In order to prove the effectiveness of the algorithm, the invention selects PANET, HRNet and HRNet + to compare on two data sets. Among these, PANET is a reference to "Kaixin Wang, Jun Hao Liew, Yingtian Zou, Daquan Zhou, and Jianshi Feng. Panet: few-shot image segmentation with prototypic alignment in IEEE International Conference on Computer Vision,2019, pp.9197-9206 ", which is a classic thumbnail semantic segmentation algorithm; HRNet is a classic semantic segmentation algorithm proposed in the documents "Ke Sun, Bin Xiao, Dong Liu, and Jingdong Wang.deep high-resolution representation for human position estimation. in IEEE Conference on Computer Vision and Pattern registration, 2019, pp.5693-5703", which we use to verify the effect of a fine tuning method on multi-type small sample segmentation tasks; HRNet + is a model obtained by taking HRNet as a feature extractor and adopting a small sample segmentation experiment method based on measurement to improve, and is a basic network of the invention. PQLNet is the method proposed in the present invention, OA and mlou are evaluation indexes for semantic segmentation quality of small samples, and the comparison results are shown in table 1:

TABLE 1 comparative results

As can be seen from table 1, the present invention is superior to other algorithms in OA and mlou indices on the UDD dataset and the Vaihingen dataset.

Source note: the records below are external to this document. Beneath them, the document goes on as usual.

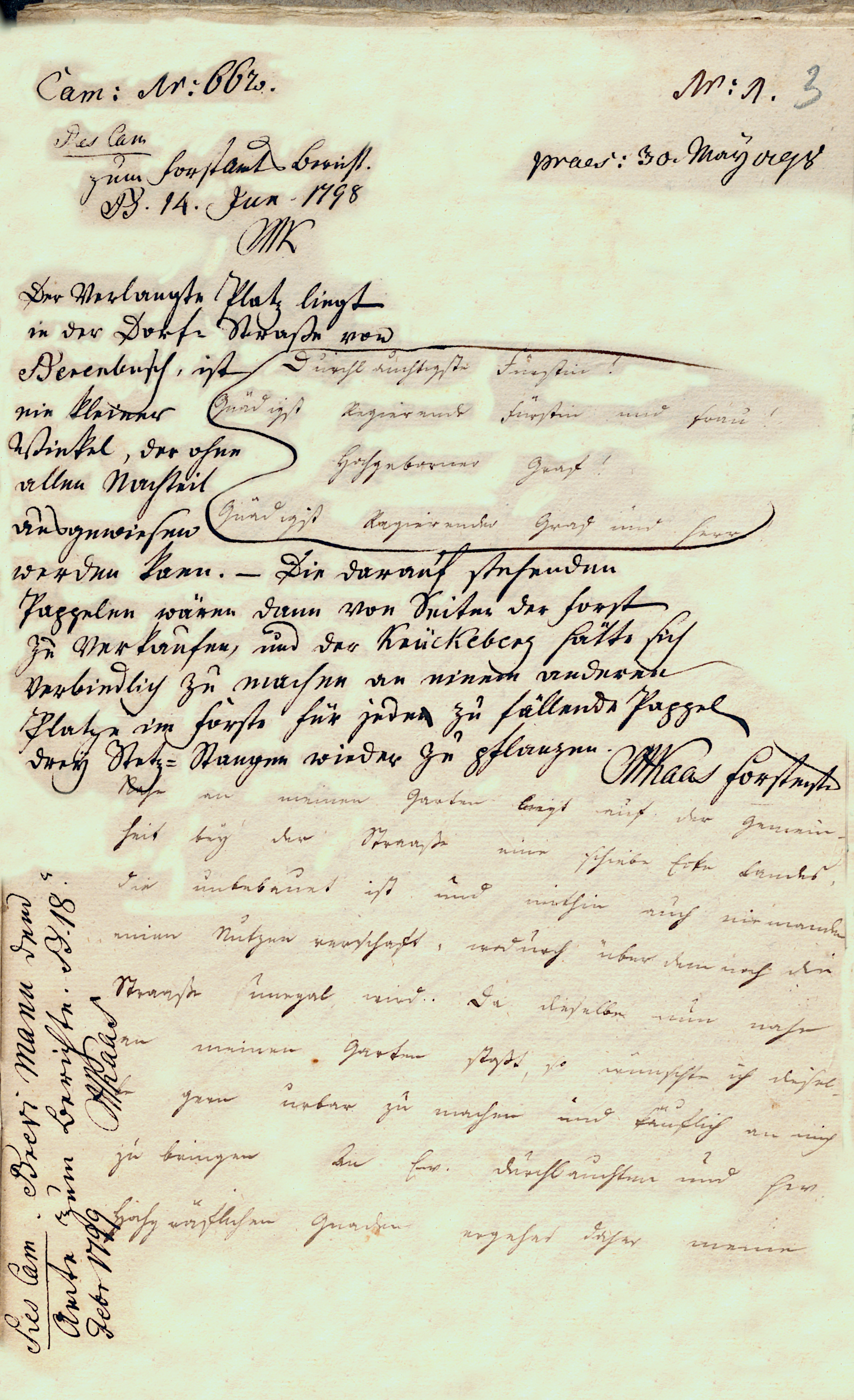 The Cammer requested a Forestry report that was written by MKass of the Forstamts, the foresty office. It is written in a large hand to the left of the petition.
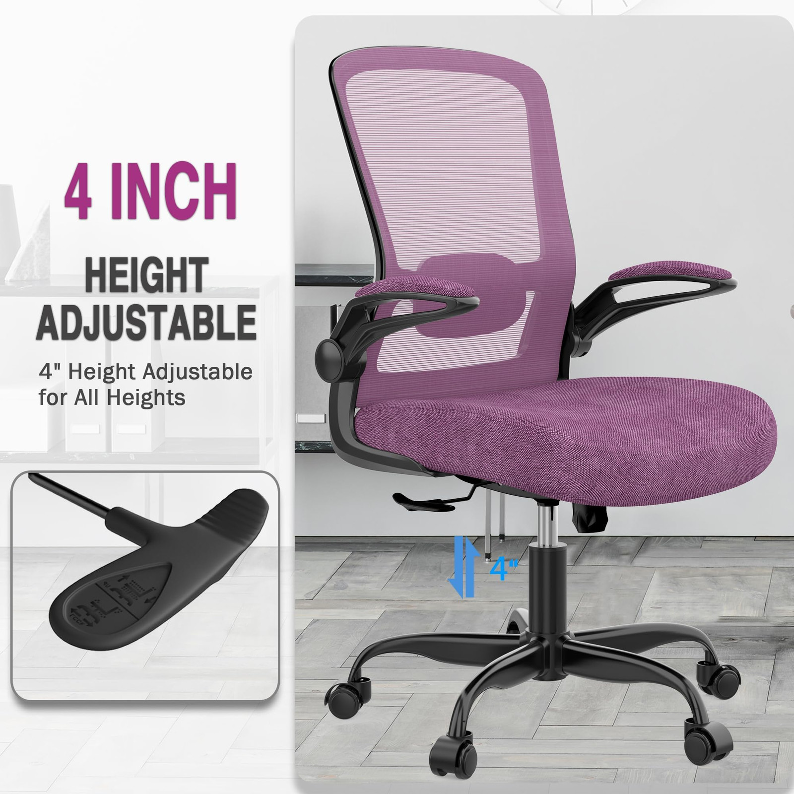 【ERGONOMIC DESIGN OFFICE CHAIR--Improve Your Posture】The design of the backrest fits the shape of the human spine, with the adjustable lumbar support, the office chair will give your back strong support. And the thick seat also can relieve the hip pressure to offer you comfort. Thick padded back & seat take this chair to the next level of comfort. Choose this office chair, choose comfort. 【ADJUSTABLE DESK CHAIR--More Comfort】This task chair has a 4 inch lifting range to meet the needs of people of different heights, it also has a reclining function of 90-135 °which allows you to relax yourselves after work. This mesh computer chair with flip-up armrest and seat height adjustable means you can find the perfect position to ensure you a pain-free day for long hour sitting. 【HIGH QUALITY MATERIAL--Work is Easier】Certified by BIFMA and SGS. Office Chairs have Soft High-density form Seat, which is covered with durable breathable mesh fabric and has good elasticity and difficult to deform to keep comfort for longer hours. Height-adjustable GAS LIFT CHROMED, Heavy-duty base and nylon smooth-rolling casters for great stability and mobility to help promote a comfortable seated position, keeping you comfy after long hours of game or work at home. 【SPACE SAVING】The simple style of the mesh office chair adapts ideally to any office furniture, especially in living rooms, bedroom, kitchen, study and office, and can be used in a variety of ways, you can flip the arms up and put it under the desk for saving space. 【WORRY FREE & Perfect Gift Idea】360 degree swivel, made of heavy-duty noiseless casters, its explosion-proof base plate with 5-star base increase safety and stability. Maximum capacity up to 300LB. We Guarantee our customers 100% satisfaction with our premium desk chair! If you’re not satisfied with this executive chair, just email us and get a solution WITH NO EXCUSE!
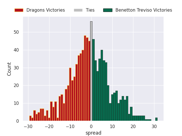 Each club has a rating and a rating deviation (similar to a Glicko rating), and expected performances can be generated. This allows for simulated matches and spreads like the ones below.
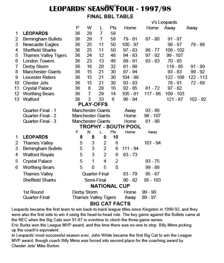 It’s always hard to follow up a successful season, but after winning the BBL regular season crown and the National Cup, the newly renamed adidas Greater London Leopards did a pretty good job in 1997/98 as they retained the league title in dramatic style.
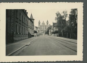 Foto der Basilika in Weingarten (Oberschwaben) am Ende einer Straße
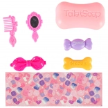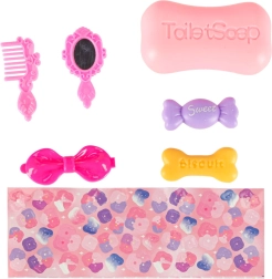 • Accesorii: jucărie săpun, pieptene, oglindă, fundiță-clips, bomboană, biscuiți
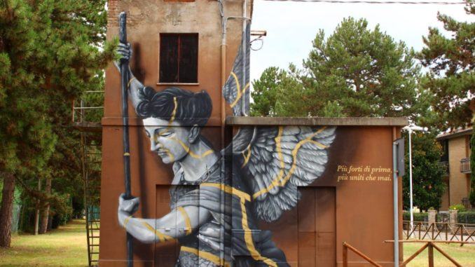 Queste sono le prime parole scritte sulla targa dagli artisti che hanno realizzato un’opera d’arte in Via San Costanzo, un murales dedicato alla popolazione raffigurante il Santo Patrono della città.
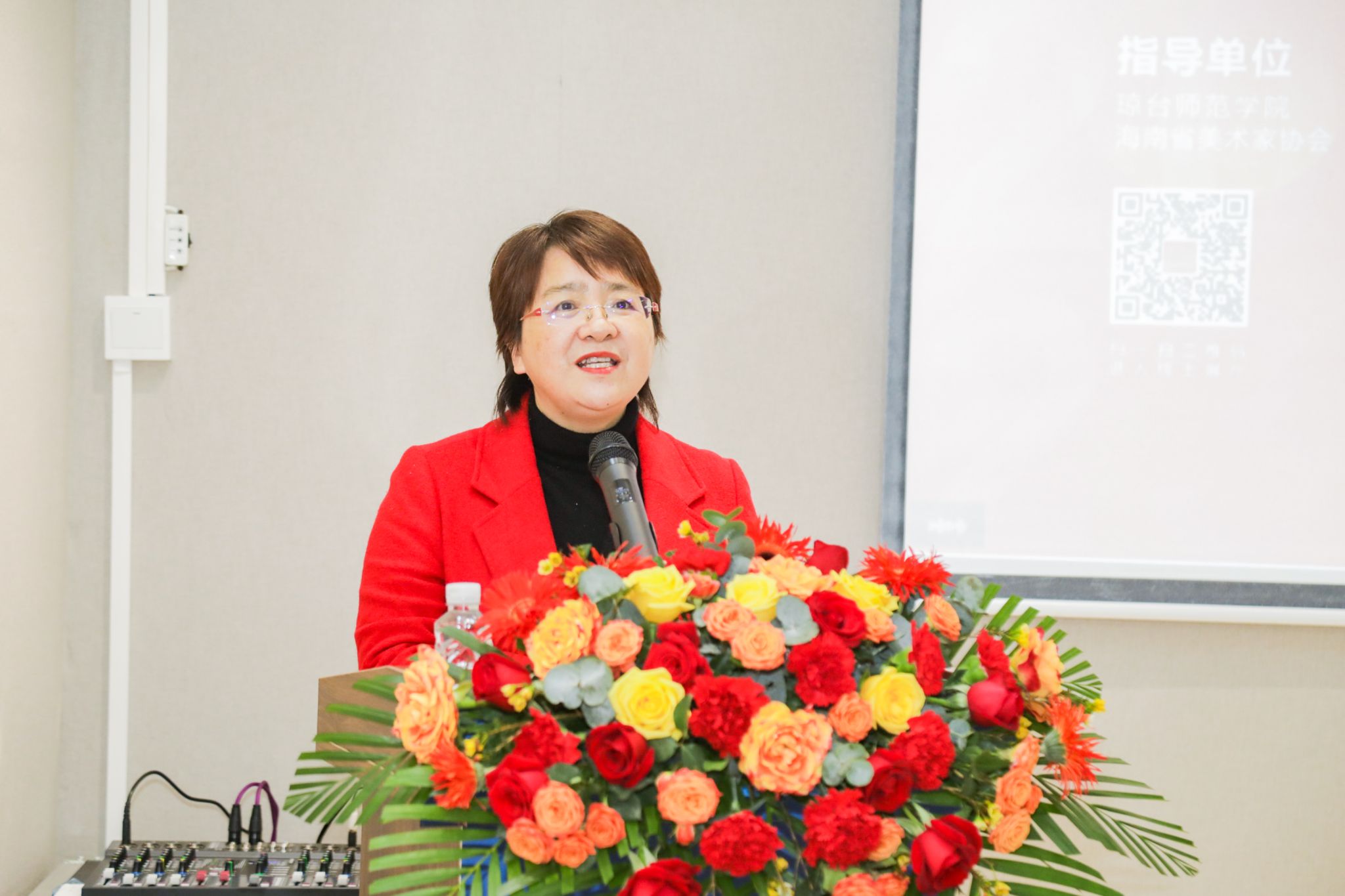 刘湘洪校长代表学校致辞。她指出,琼台师范学院是海南艺术教育的先行者,自1975年就开设了文艺班,至2023年已有48年的历史,为海南美术事业的发展做出了卓越贡献,为海南美术教育界输出了大量的人才。美术学院教师新作展是检阅教师近年来教学、科研、艺术创作成果的一项重要的学术活动,艺术创作研究中心的挂牌成立,更是琼台美术从实践引领升华至学术引领迈出的关键一步,将为今后海南美术以及美术教育的进步起到更好的推动作用。

FIG. 2 is a graph of semantic segmentation results generated by the method of the present invention and the comparison algorithm. Compared with a comparison algorithm, the multi-class feature segmentation method has more accurate multi-class segmentation edges, and can prove that the multi-class feature segmentation method effectively utilizes multi-class joint information and increases the feature discrimination of different classes. In addition, the invention also achieves the effects of eliminating particles and thinning edges, thereby proving the effects of background hidden type distribution optimization and two-stage segmentation modules.

Claims

1. A full scene semantic segmentation method based on prototype queue learning under few labeled samples is characterized by comprising the following steps:

step 1: dividing a prototype queue;

Wherein, (x, y) represents the pixel point coordinate, 1[ ] represents the indication function, namely the function value is 1 when the formula in the bracket is correct, otherwise it is 0; c is a foreground category set, C is a foreground category in the image, and h and w are the length and the width of the input image respectively;

P _final ＝Conv(Concat(F,P)) (3)

step 2: second stage segmentation constraints;

step 2-1: using argmax function to predict probability map P _final Calculating to obtain a mask label of a segmentation result, and then carrying out binarization to uniformly mark the non-foreground category as a background category to obtain a mask label only containing the foreground category and the background category;

Second stage predictive probability map

The final segmentation result is obtained;

step 3-1: evaluating the loss;

wherein the content of the first and second substances,

using second stage predictive probability maps

wherein the content of the first and second substances,

the evaluation loss was calculated as follows:

L _eval ＝L _seg +L _t-s (6)

step 3-2: a multi-class loss;

multi-class loss L _mult The calculation is as follows:

wherein the pseudo label

representing the probability that each position of the input image in the multi-class prediction result is predicted to be a class cl;

step 3-3: a background hiding class loss function;

wherein λ is a background optimization weight parameter;

step 3-4: the overall loss function:

Loss＝L _eval +L _blr +α×L _mult (10)

2. The method for full scene semantic segmentation based on prototype-queue learning under few-label samples according to claim 1, wherein the training image and the corresponding label image pair are uniformly cropped to have a fixed size of 512 x 512 in step 1-1.

3. The method for full scene semantic segmentation based on prototype queue learning under few labeled samples according to claim 1, wherein the λ is in a range from 1 to 2.